Containerize the security pipeline tools

[bitkeks]

As an operator, I want to run the security pipeline tools in containers so that they can easily be deployed in a CI/CD pipeline like Zuul.

Belongs to epic #525.

Definition of Ready:

• [x] User Story is small enough to be finished within one sprint
• [x] User Story is clear and understood by the whole team
• [ ] Acceptance criteria are defined
• [ ] Acceptance criteria are clear and understood by the whole team

Definition of Done:

• [ ] All acceptance criteria are met
• [ ] Changes have been reviewed
• [ ] CI tests have run successfully
• [ ] Documentation has been updated
• [ ] Release Notes have been updated

[90n20]

We have reviewed and tested the available official containers for the proposed tools.

• ProjectDiscovery (Naabu, httpx, nuclei) => DockerHub site. Official containers are updated on each mayor release of the tools, ensuring that they are being run in their latest versions. They are fully functional and integrable into the proposed pipeline.

• OWASP ZAP => Zap Docker. There are 4 active official containers: stable, weekly, nightly and bare. We found that the most reliable ones are weekly, as it provides core and addon updates in a weekly basis (avoiding problems of everyday builds) and bare, as it is a small version of the stable one , ideal for CI environments, but lacking testing scripts.

• Greenbone Community Edition => Containers. Greenbone Community Edition does not run on a single container, in fact, it is a distributed service architecture, with each service running in a dedicated container. This could be a problem to integrate the tool in the pipeline due to its complexity and size, especially regarding its feed updates that are available on a daily basis. At this point, we are investigating three possible solutions:

  • Deploy the tool in the pipeline as it is, with all its services and containers. In this approach, a persistent volume will be needed in order to store the feeds and keep them on their latest versions (as they are updated daily, another pipeline could be used to maintain the feeds on the volume updated). This will add complexity and extra build time.
  • Use a non official single container image, like Immauss (licensed as AGPL-3.0). It allows to perform a full scanner with only one container that includes all services and their requirements. The image itself contains a ready to use feed database and it is updated weekly.
  • Develop our own single containerized solution. This will involve research, development, integration and testing in exchange of more control of what is being during the scans.

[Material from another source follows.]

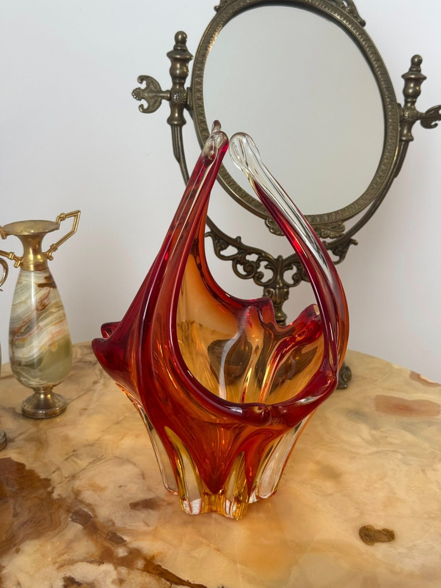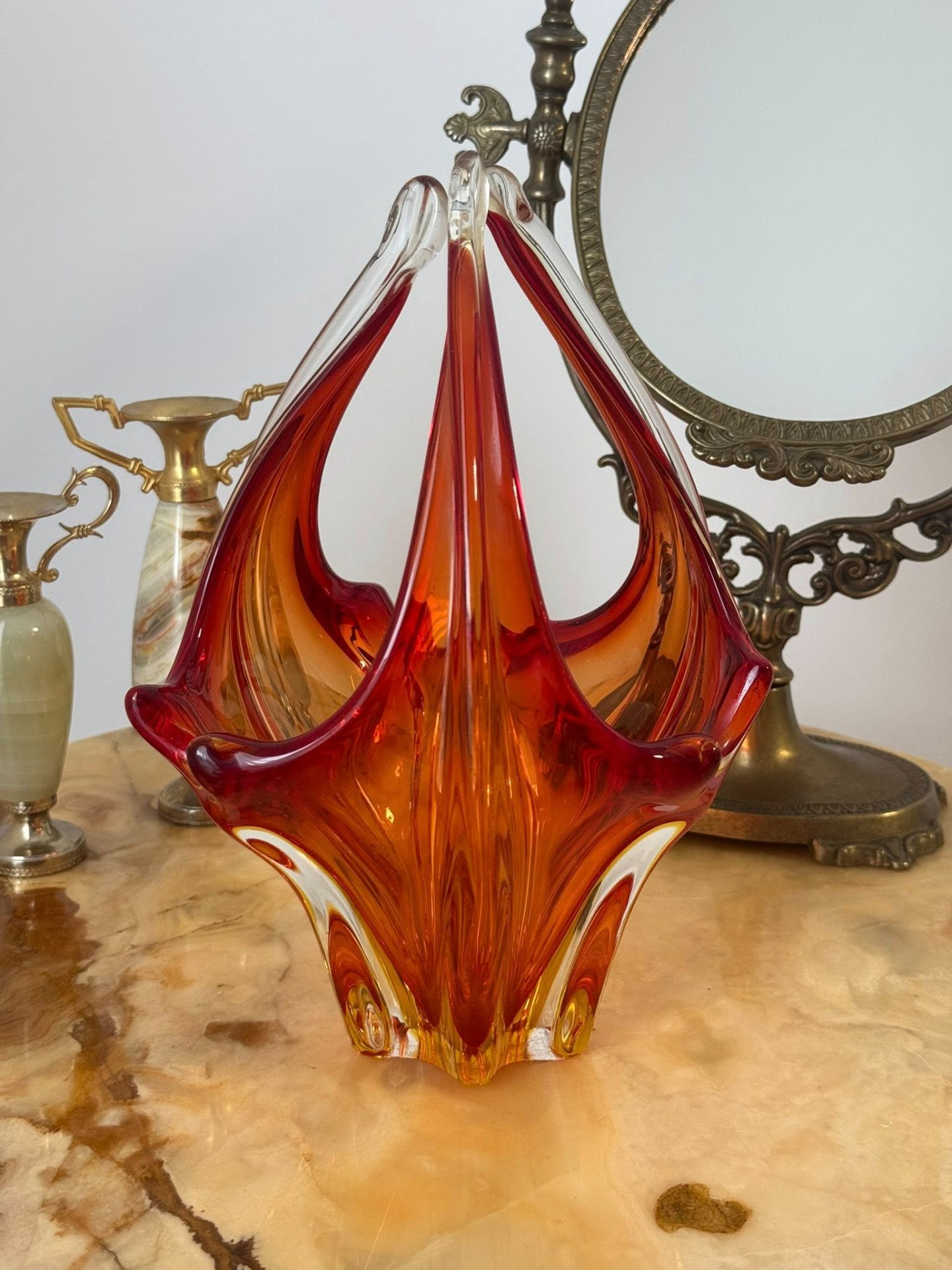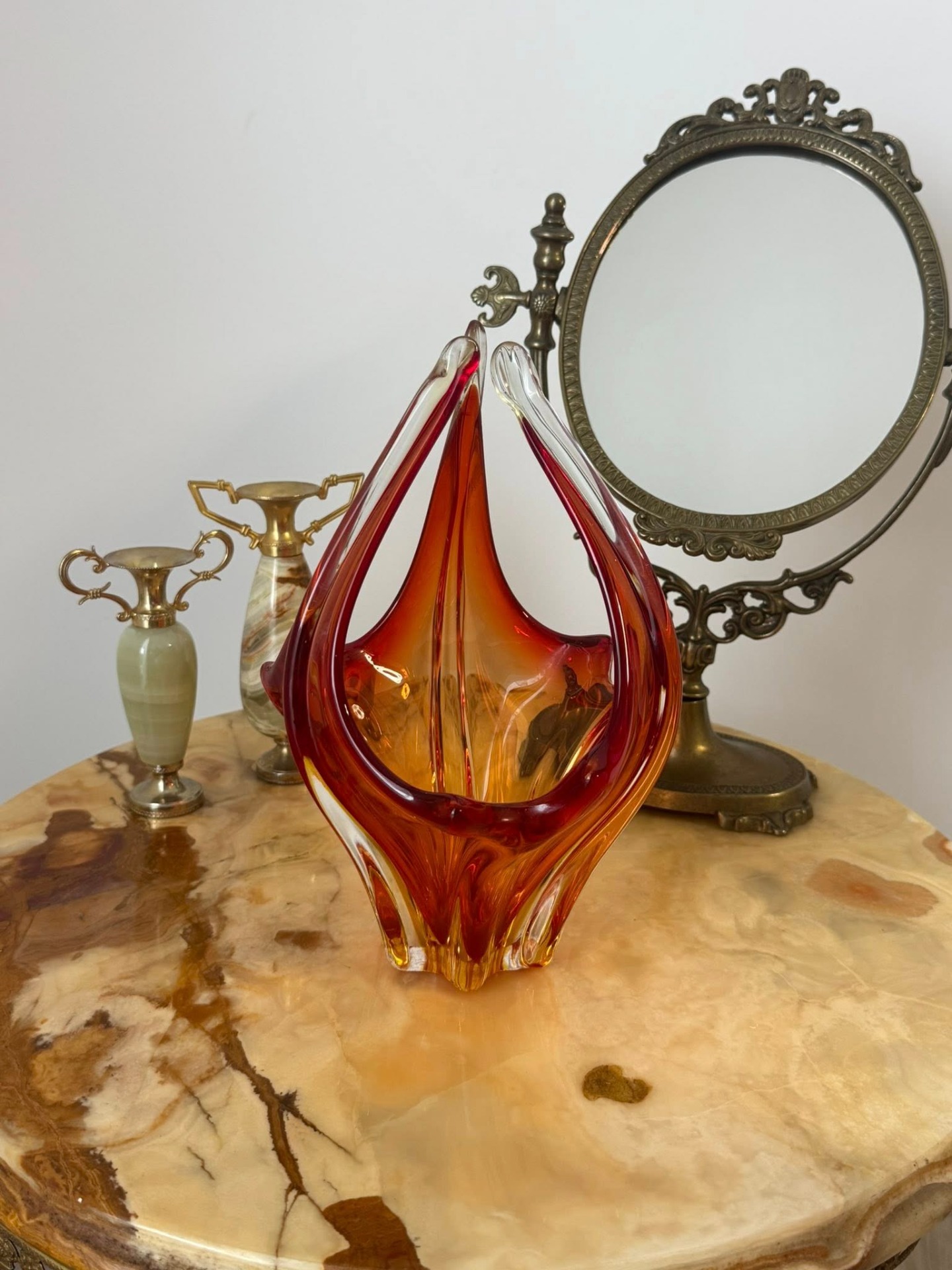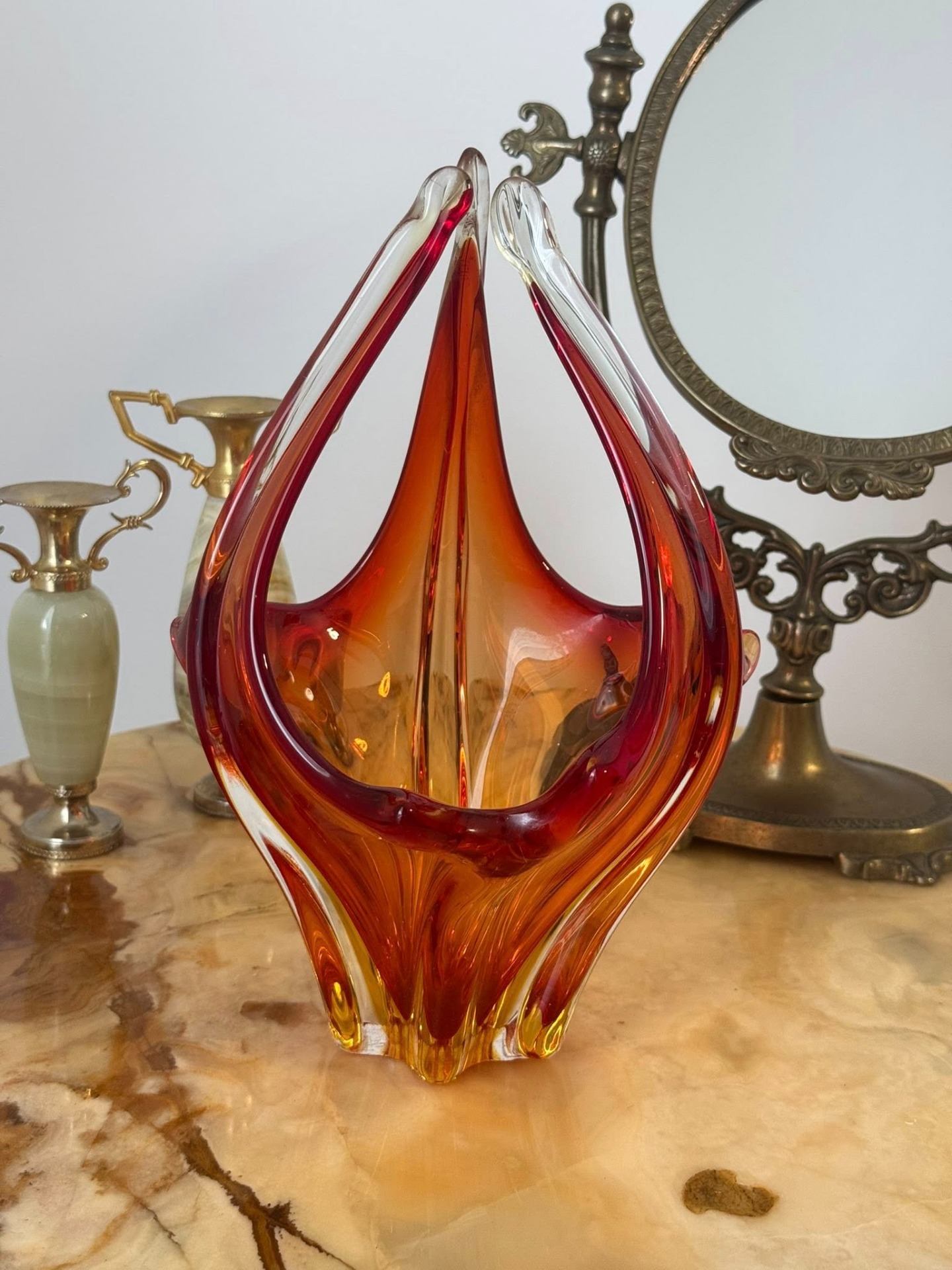 Piesa prezintă nuanțe de chihlimbar (amber) și roșu purpuriu, care radiază din centrul vasului către margini, creând un efect de "foc

Additionally, we suggest to expand the proposed methodology and define two pipelines based on the tests done with the tools:

• Daily (Naabu + Httpx + Nuclei + ZAP Baseline Scan): Fast scan.
• Weekly, major commit or release (Naabu + Httpx + Nuclei + ZAP Full Scan + Greenbone CE): Slow and time intensive scan.

[bitkeks]

Regarding Greenbone / OpenVAS:

At this point, we are investigating three possible solutions:

Please follow solution 1, deploy it as-is from Greenbone.

Since we use full VMs, the creation of the GVM from Docker Compose should work. Then only the persistence of feed data is to be solved.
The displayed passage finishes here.